Parigi, 10 gen – Nelle ultime 48 ore della sua vita Amedy Coulibaly ha ucciso a sangue freddo la giovane agente Clarissa Jean Philippe, originaria della Martinica e in servizio da appena due settimane; ha assaltato un supermercato kosher, sfidato i poliziotti ai quali ha urlato “Voi sapete chi sono”, ha ucciso quattro ostaggi, chiesto un salvacondotto per i suoi amici, i fratelli Kouachi, barricati in una tipografia a Dammartin En Goele dopo la carneficina del mercoledì pomeriggio nella quale avevano ucciso 12 persone nell’assalto alla sede del giornale satirico Charlie Hebdo.

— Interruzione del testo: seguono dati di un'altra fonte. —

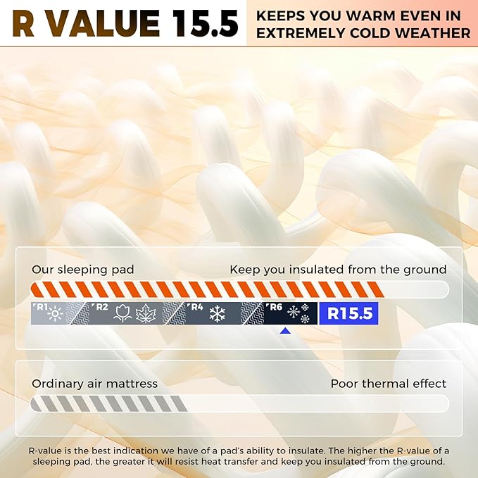- 【Keep You Warm Anywhere-R Value 11】The double foam sleeping pad features 5.9 inch thick high rebound foam, high R-Value serves you 4 season warm. Offer optimal comfort and warmth your body needs and ensures you won't feel jagged rocks or uneven ground below.Camping nights are no longer sleepless. Like sleeping in my own bed!
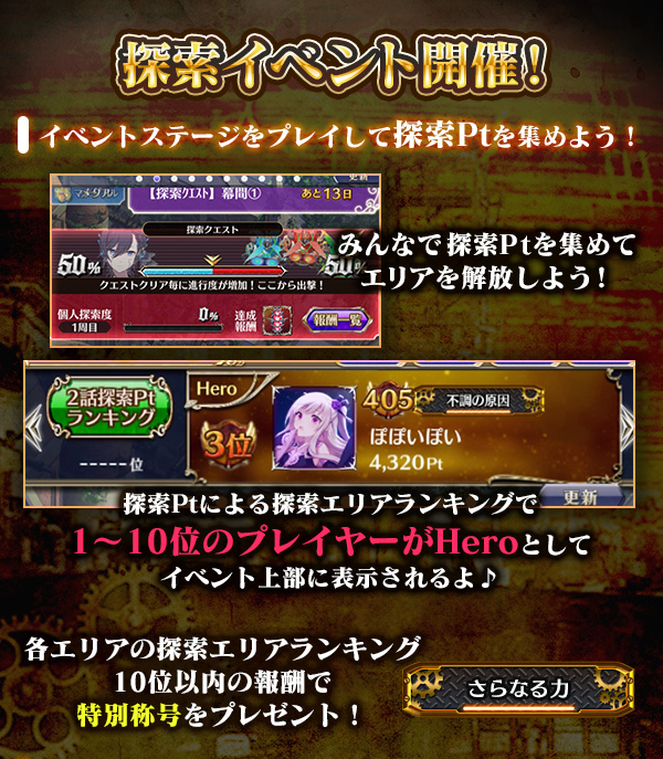 | 解放条件 | 全員で1話の探索Ptを5,000,000Pt集めよう |

E’ ancora prematuro addentrarsi in spiegazioni esaustive su quanto realmente accaduto in questi tre giorni di follia parigina; è certo, però, che il 32enne Coulibaly non è stato vittima di un raptus, e non era neanche un elemento fuori contesto nel quadro generale dal quale scaturiscono gli assalti armati che hanno terrorizzato Parigi.
Coulibaly conosceva almeno uno dei fratelli Kouachi, Cherif, col quale sin da ragazzo frequentava lo jihadista salafita Djamel Beghal, coinvolto nel progetto, poi sventato, per un attentato all’ambasciata americana a Parigi nel 2001. Amedy e Cherif si ritrovano ancora nel 2010 quando, insieme a un gruppo di fondamentalisti islamici, cercano di far evadere dal carcere Smait Ali Belkacem, autore dell’attentato del 1995 alla stazione di Saint Michel a Parigi.
Una vita trascorsa a entrare e uscire dalle prigioni francesi, quella di Amedy, con condanne per rapina a mano armata, spaccio di droga, accompagnata da un’intensa attività di propaganda e affiancamento delle cellule terroristiche salafite.
Tutto questo, però, non gli ha impedito di essere scelto nel 2009 come stagista per la Coca Cola, chiamato a svolgere un apprendistato nella fabbrica di Grigny. Fu proprio in quel contesto che ebbe l’occasione di incontrare l’allora presidente Nicolas Sarkozy, in visita istituzionale all’impianto, al quale strinse la mano e chiese un autografo per la sua famiglia.